### Task to carry out
Take the material below and extract the lines from the one with "Copper, Brass, Enamel, Almandine" through the one with "因为,在该局关于日本核辐射问", word for word, without pictures.

----- Exercise materials -----

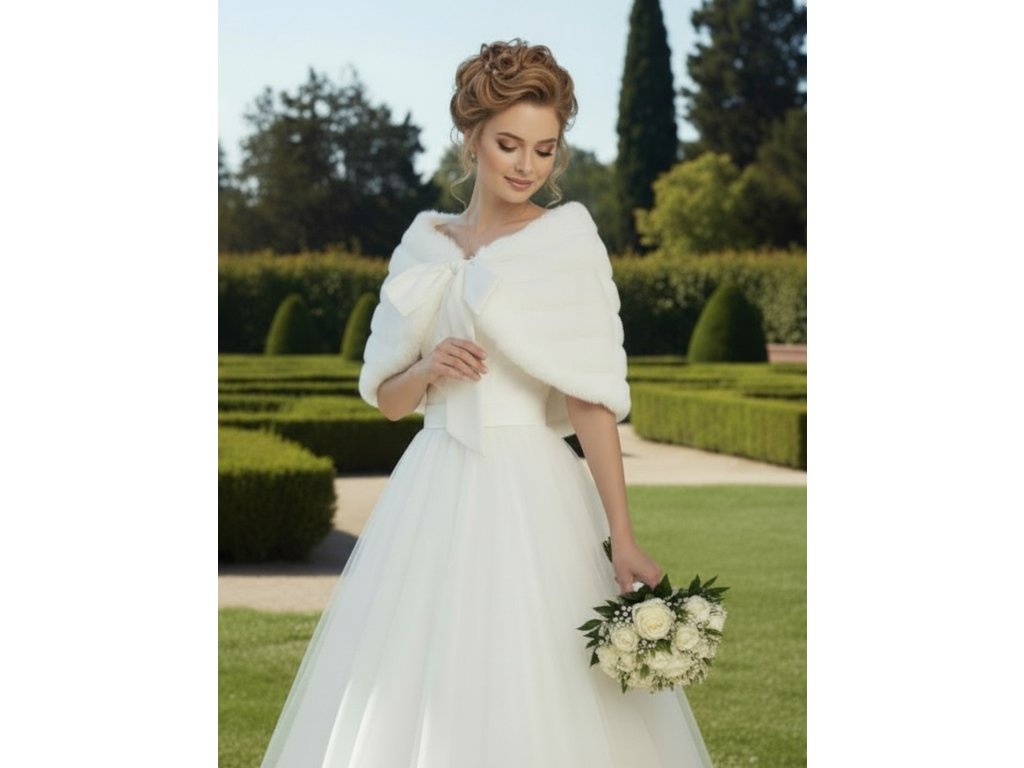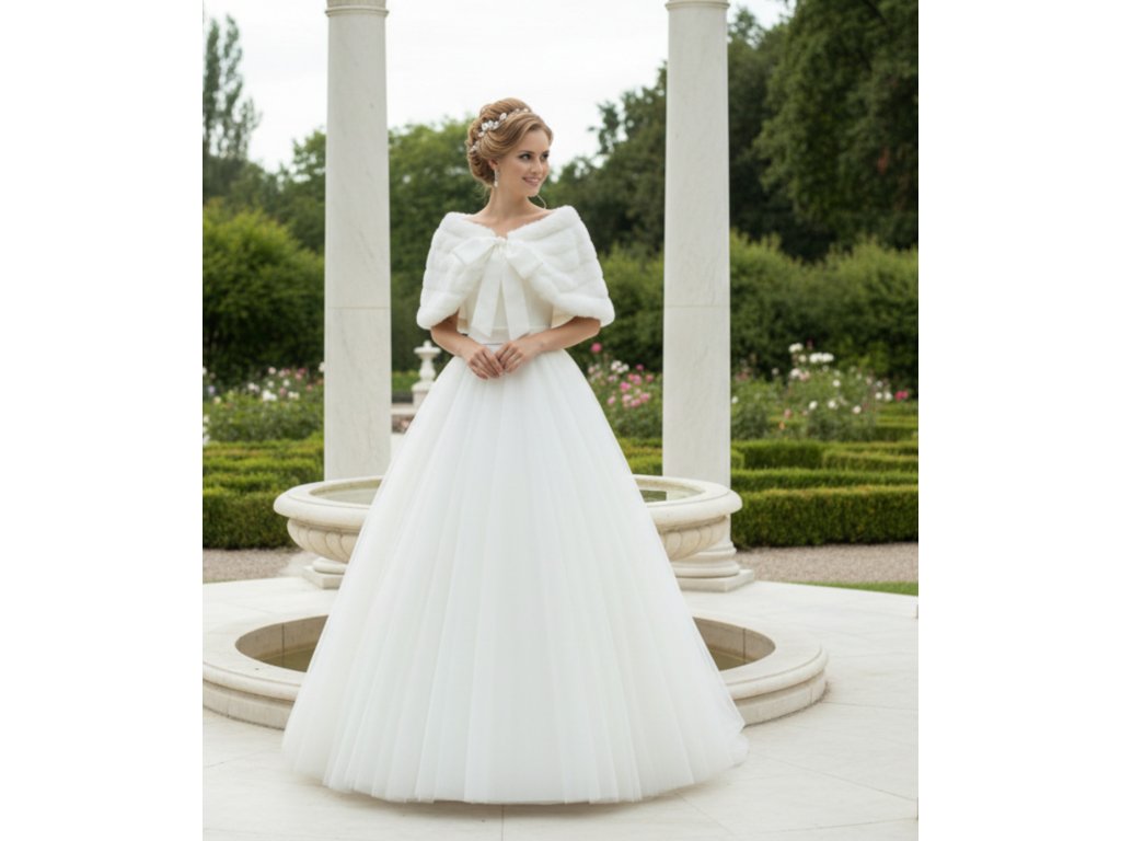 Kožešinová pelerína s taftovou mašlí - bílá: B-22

-----
----- Exercise materials -----

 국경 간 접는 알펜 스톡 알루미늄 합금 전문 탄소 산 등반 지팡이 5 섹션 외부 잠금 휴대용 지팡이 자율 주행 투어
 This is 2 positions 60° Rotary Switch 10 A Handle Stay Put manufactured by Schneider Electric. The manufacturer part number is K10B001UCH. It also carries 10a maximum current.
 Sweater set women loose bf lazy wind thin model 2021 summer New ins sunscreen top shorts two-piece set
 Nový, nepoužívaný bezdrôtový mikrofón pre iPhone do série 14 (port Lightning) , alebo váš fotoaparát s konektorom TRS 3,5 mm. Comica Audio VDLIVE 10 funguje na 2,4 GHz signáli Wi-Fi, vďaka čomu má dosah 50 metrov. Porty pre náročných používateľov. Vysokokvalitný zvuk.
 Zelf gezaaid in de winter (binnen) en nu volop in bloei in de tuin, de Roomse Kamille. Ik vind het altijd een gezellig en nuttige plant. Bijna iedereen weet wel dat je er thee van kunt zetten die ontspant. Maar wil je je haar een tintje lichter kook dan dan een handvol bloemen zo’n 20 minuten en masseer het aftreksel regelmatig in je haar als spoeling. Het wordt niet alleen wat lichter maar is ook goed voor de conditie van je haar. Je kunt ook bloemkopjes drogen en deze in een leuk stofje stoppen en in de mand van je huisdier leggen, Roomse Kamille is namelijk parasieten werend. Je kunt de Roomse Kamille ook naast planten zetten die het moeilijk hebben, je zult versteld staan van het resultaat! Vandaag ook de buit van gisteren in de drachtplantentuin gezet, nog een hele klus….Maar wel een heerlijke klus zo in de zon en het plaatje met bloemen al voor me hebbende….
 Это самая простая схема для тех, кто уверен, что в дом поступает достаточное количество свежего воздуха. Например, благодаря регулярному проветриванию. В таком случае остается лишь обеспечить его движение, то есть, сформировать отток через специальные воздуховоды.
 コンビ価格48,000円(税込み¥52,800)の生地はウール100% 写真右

-----
----- Exercise materials -----

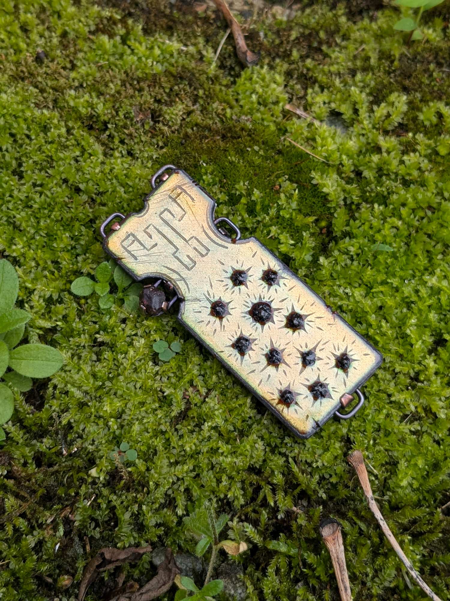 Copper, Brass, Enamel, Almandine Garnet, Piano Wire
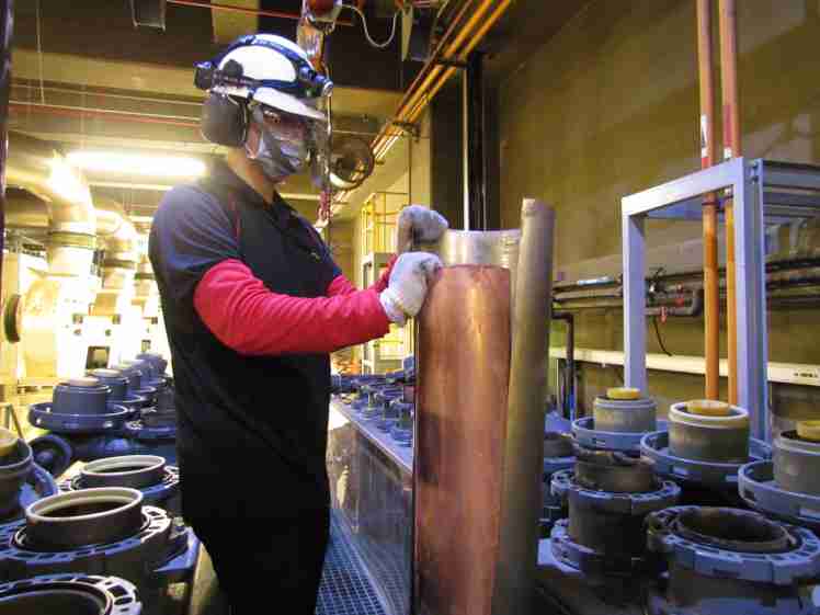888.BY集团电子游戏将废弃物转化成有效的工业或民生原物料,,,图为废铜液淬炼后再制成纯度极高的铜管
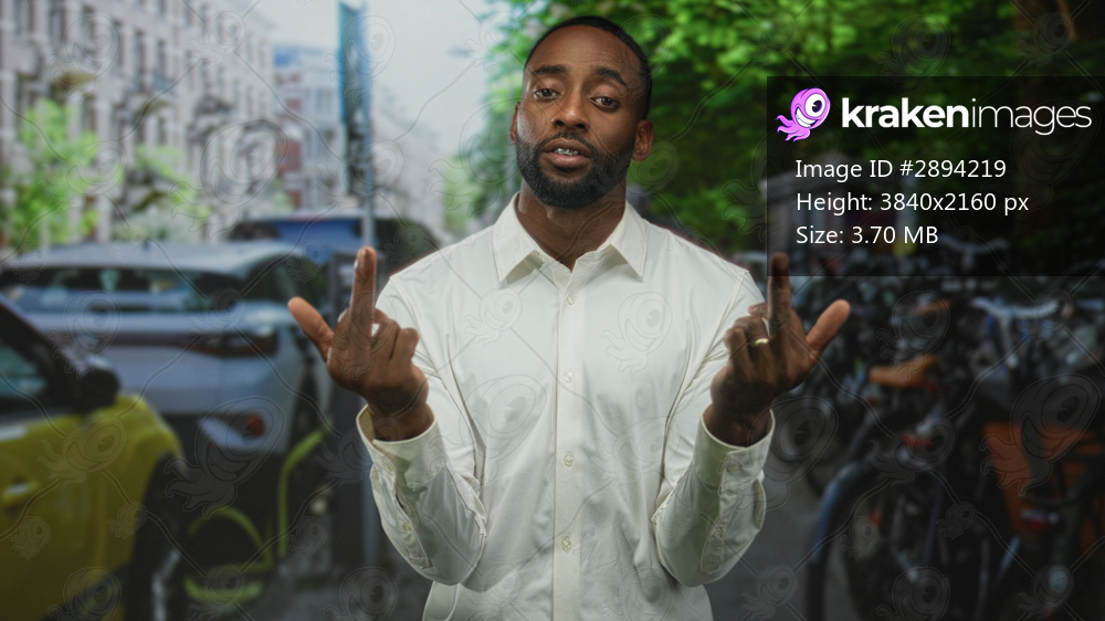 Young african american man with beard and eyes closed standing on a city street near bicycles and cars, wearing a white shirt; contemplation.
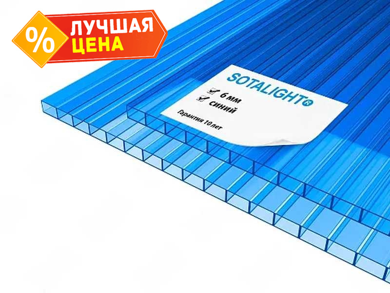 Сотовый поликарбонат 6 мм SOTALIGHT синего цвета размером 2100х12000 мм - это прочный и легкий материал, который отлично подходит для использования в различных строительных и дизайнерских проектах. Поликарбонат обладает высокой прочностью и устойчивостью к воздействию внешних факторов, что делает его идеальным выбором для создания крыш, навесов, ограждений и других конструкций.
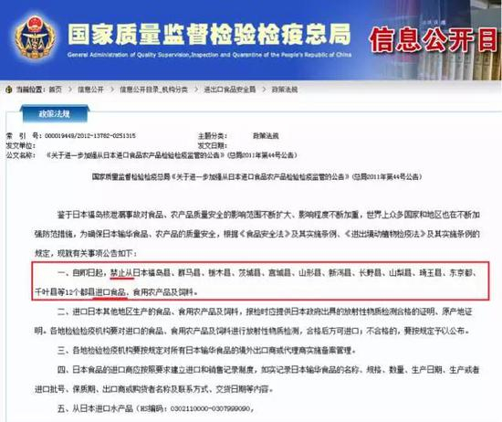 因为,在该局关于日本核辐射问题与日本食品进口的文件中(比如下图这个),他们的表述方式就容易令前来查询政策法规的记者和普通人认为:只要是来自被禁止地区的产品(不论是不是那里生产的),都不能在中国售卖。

-----

### Task result
 Copper, Brass, Enamel, Almandine Garnet, Piano Wire
888.BY集团电子游戏将废弃物转化成有效的工业或民生原物料,,,图为废铜液淬炼后再制成纯度极高的铜管
 Young african american man with beard and eyes closed standing on a city street near bicycles and cars, wearing a white shirt; contemplation.
 Сотовый поликарбонат 6 мм SOTALIGHT синего цвета размером 2100х12000 мм - это прочный и легкий материал, который отлично подходит для использования в различных строительных и дизайнерских проектах. Поликарбонат обладает высокой прочностью и устойчивостью к воздействию внешних факторов, что делает его идеальным выбором для создания крыш, навесов, ограждений и других конструкций.
 因为,在该局关于日本核辐射问题与日本食品进口的文件中(比如下图这个),他们的表述方式就容易令前来查询政策法规的记者和普通人认为:只要是来自被禁止地区的产品(不论是不是那里生产的),都不能在中国售卖。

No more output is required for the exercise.